CoreLogic: Negative equity keeping home sellers off market

Economists from California-based data provider CoreLogic provided new evidence in its June MarketPulse report that severe price declines are keeping home sellers out of the market, the Wall Street Journal reported. 

June 13, 2012

Economists from California-based data provider CoreLogic provided new evidence in its June MarketPulse report that severe price declines are keeping home sellers out of the market, the Wall Street Journal reported.

Hard-hit markets such as Miami, Phoenix and Orlando have experienced particularly sharp drops in amount of housing inventory.

The months’ supply of unsold homes fell to 6.5 months in April, down from nine months last June. It’s currently at the lowest level in the past five years.

It was found that the supply of homes for sale declines as the rate of negative equity — the share of borrowers who owe more than what their homes are worth — rises. This means negative equity is now restricting the supply of homes for sale.
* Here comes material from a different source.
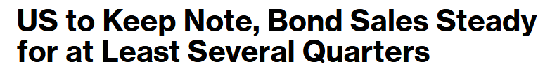 재무부는 현재의 경매 규모를 유지할 것이며, 다음 주에 있을 3년, 10년, 30년 만기 채권의 경매 총액은 이전과 동일한 1,250억 달러가 될 예정입니다.

Markets where more than half of borrowers are underwater had inventory to last 4.7 months at the rate of April’s sales, below the national average of 6.5 months. Markets where only 10 percent of borrowers are underwater had a higher-than-average 8.3 months supply.

Another reason for the drop in amount of homes available is the influx of investors picking up foreclosures to rent out in hard-hit markets, taking inventory off the market for now.

Homeowners with positive equity can also be unwilling at today’s lower prices, also contributing to the decline.